This is IT. The tastiest chicken piccata I’ve ever made (and I’ve made a few). The skin stays nice and crispy thanks to the sear + broil method, and the sauce is just other-wordly good. The giant croutons add flavor to flavor which, in my book, is always a great thing.

Ingredients

Units Scale
  • 4 to 6 bone-in, skin-on chicken thighs
  • Salt and pepper, as needed
  • Olive oil, as directed/needed
  • 2 shallots, thinly sliced
  • 4 garlic cloves, 2 thinly sliced and 2 minced/grated
  • One, 3.5-ounce jar capers, drained
  • Scant teaspoon chicken stock concentrate
  • 2/3 cup white wine (nothing sweet)
  • 1 cup chicken broth
  • 1/2 cup half and half or heavy cream
  • 3 tablespoons butter, divided
  • One lemon
  • 1 loaf of Italian bread, thickly sliced
  • SERVING SUGGESTION: finely chopped parsley

Instructions

  1. Preheat the broiler and adjust the rack to the middle position.
  2. Generously season the chicken with salt and pepper (we’re going for potato chip-like skin here).
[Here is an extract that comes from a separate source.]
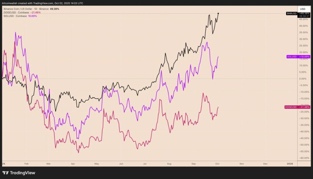 Jakarta, Pintu News ā Bulan Oktober sering dijuluki āUptoberā di komunitas crypto karena secara historis banyak aset digital, termasuk altcoin, mencatatkan kinerja positif. Pada tahun 2025, minat investor kembali terfokus pada tiga aset utama di luar Bitcoin (BTC): BNB, Solana , dan Dogecoin .

Add a couple tablespoons of oil to a large skillet set over medium-high heat. Sear/brown the chicken, skin side down, for about 6 minutes. Flip and sear for a few more minutes. Transfer the chicken to a plate/tray for now.
  3. Reduce the heat to medium and with the rendered chicken fat still in the pan, add a drizzle of oil, if needed, as well as the shallots. Cook for a minute and then add the sliced garlic, capers, and stock concentrate. Cook for another minute or so, and add the wine. Cook for a minute (this cooks off the alcohol), and then add the stock, followed by the half and half or cream. Taste and season with salt and pepper. Simmer over medium-low heat for about 5 minutes, just to reduce it slightly.
  4. Nestle the chicken back into the pan (keeping the skin out of the sauce) and dot the tops of everything with a tablespoon of the butter (just pinch off little bits of it and scatter them all around). Place under the broiler and broil until the chicken is cooked through and nice and golden/crispy; takes about 6 to 8 minutes since it’s on the middle rack). The sauce will reduce in the oven, and if it looks like it’s reducing too much, just add a little water as needed.
  5. Meanwhile, add the remaining butter and a tablespoon of olive oil to another large skillet set over medium heat. Add the minced garlic and the sliced bread. Season with salt and let the bread get nice and toasty on both sides, just watching to ensure the garlic doesn’t burn (stir it around and add a drizzle of extra olive oil to prevent this).
  6. Serve the croutons with the chicken and sauce, for dunking, dredging and dipping. Finish by zesting the entire lemon over everything, and serve with sliced lemon wedges on the side. Garnish everything with chopped parsley, if you like.